A partire da quel momento il signor Utterson cominciò a tener d'occhio la porta nella stradina delle botteghe. Al mattino prima dell'apertura degli uffici, sul mezzogiorno quando gli affari erano molti e il tempo era poco, di notte sotto lo sguardo velato della luna cittadina, con ogni tipo di luce e a tutte le ore, nel trambusto o in solitudine, lo si poteva vedere al suo posto di osservazione.
«Se lui è il signor Hyde, io sarò il signor Seek» (2), aveva pensato.

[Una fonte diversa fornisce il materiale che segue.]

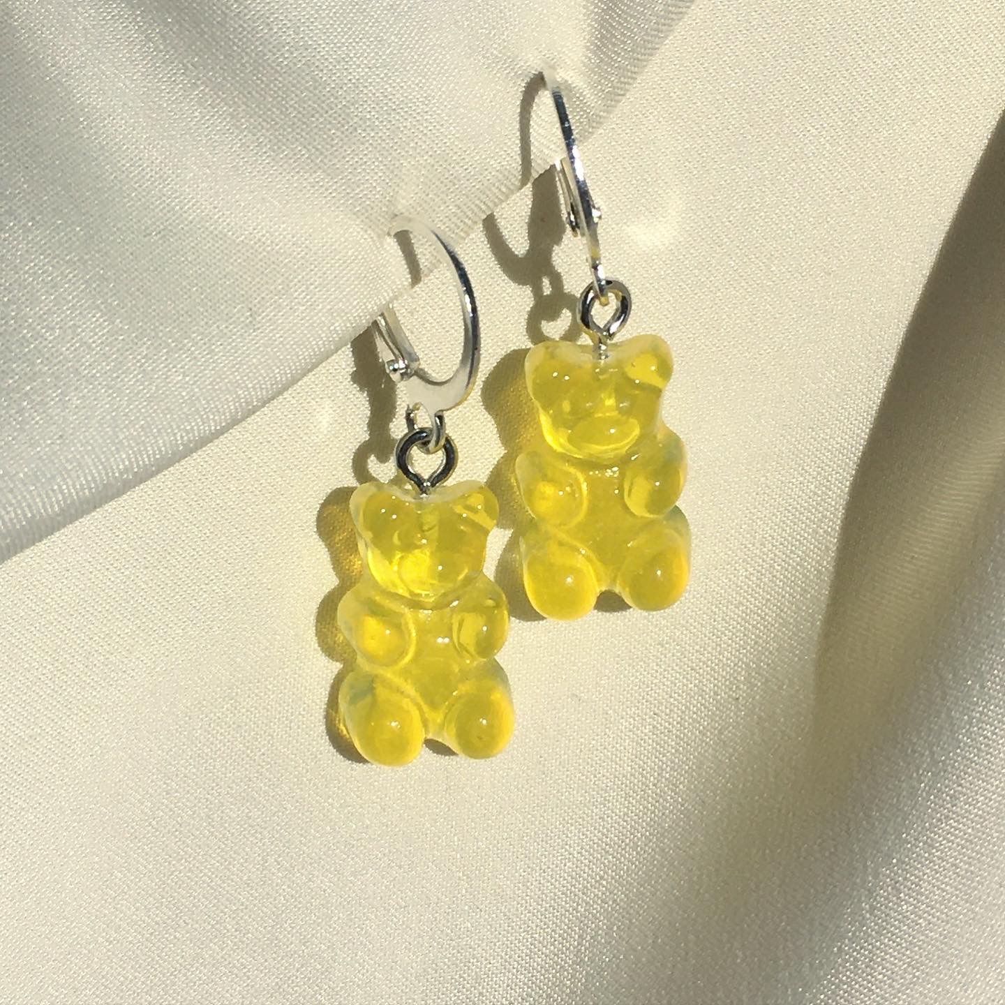 Your favorite gummy is now an earring. Cute little gummy bear earrings made from clear acrylic and adorned on 925 sterling silver leverback earring hooks for your comfiest fit. Your choice of orange, yellow, green, or light pink.

E, alla fine, la sua pazienza fu premiata. Era una notte bella e senza pioggia, l'aria sapeva di gelo, le strade erano pulite come il pavimento di una sala da ballo; le lampade che nessun vento faceva ondeggiare formavano sul selciato un disegno regolare di luci e di ombre. Verso le dieci, quando le botteghe erano ormai chiuse, quella strada secondaria appariva deserta e silenziosa, nonostante il brontolio sommesso che giungeva dalla Londra circostante. Anche i minimi suoni giungevano a distanza: da entrambi i lati della via si poteva udire il suono domestico delle case vicine e si sentiva il rumore dei passi di un viandante molto prima che questi arrivasse. Il signor Utterson era al suo posto di guardia da alcuni minuti quando avvertì un passo, strano e leggero, che si avvicinava. Nel corso delle sue perlustrazioni notturne si era abituato all'effetto curioso con cui i passi di una singola persona, per quanto ancora molto lontana, risaltano distintamente al di sopra dell'esteso brontolio e frastuono della città. Eppure mai la sua attenzione era stata colpita in maniera così precisa e netta; fu quindi con un superstizioso presentimento di vittoria che si ritrasse nell'angolo di accesso al cortile.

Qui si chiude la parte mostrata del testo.